Quarterly Journal of the Royal Meteorological Society, 2001, vol 128, pp. 593-624

Summary: This paper reports an intercomparison study of midlatitude continental cumulus convection simulated by eight 2-D and two 3-D cloud resolving models (CRMs), driven by observed large-scale advective temperature and moisture tendencies, surface turbulent fluxes, and radiative heating profiles during three subperiods of the Summer 1997 Intensive Observation Period (IOP) of the U.S. Department of Energy’s Atmospheric Radiation Measurement (ARM) program. Each subperiod includes two or three precipitation events of various intensities over a span of 4 or 5 days.
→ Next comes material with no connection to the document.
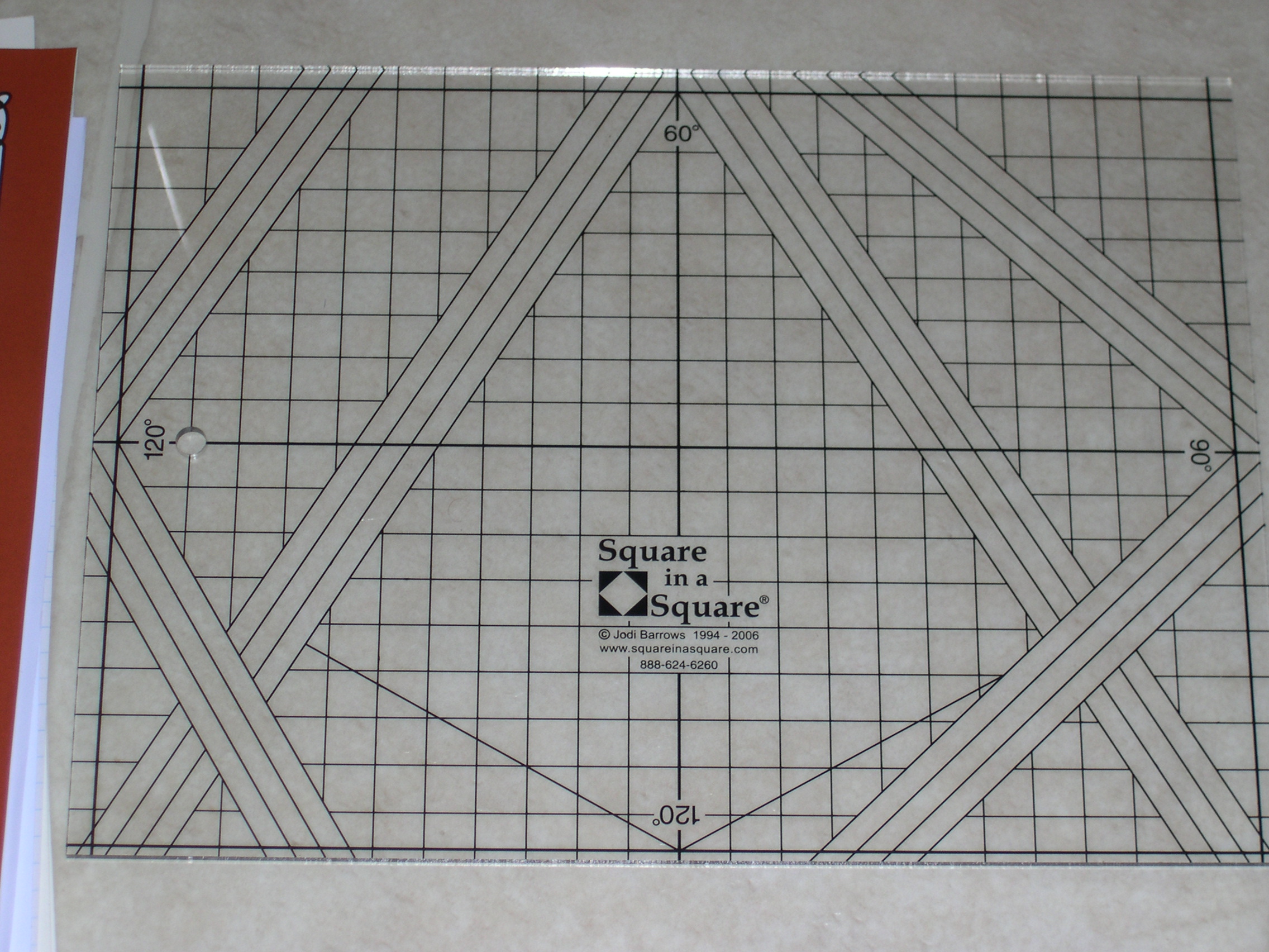 In the Square in a Square class, we learned how to use this cool ruler which allows you to make perfect points on your quilt blocks. You sew fabric strips to fabric squares, and then use the lines on the ruler to trim up the center square to give you a perfect square in a square. The instructor was excellent at demonstrating how to make perfect squares, triangles and diamonds with strip piecing and rotary cutting with this ruler.

The results can be summarized as follows.
      CRMs can reasonably simulate midlatitude continental summer convection observed at the ARM Cloud and Radiation Testbed (CART) site in terms of the intensity of convective activ-ity, and the temperature and specific humidity evolution. Delayed occurrences of the initial pre-cipitation events are a common feature for all three subcases among the models. Cloud mass fluxes, condensate mixing ratios and hydrometeor fractions produced by all CRMs are similar. Some of the simulated cloud properties such as cloud liquid water path and hydrometeor fraction are rather similar to available observations. All CRMs produce large downdraft mass fluxes with magnitudes similar to those of updrafts, in contrast with CRM results for tropical convection. Some intermodel differences in cloud properties are likely to be related to those in the parameterizations of microphysical processes.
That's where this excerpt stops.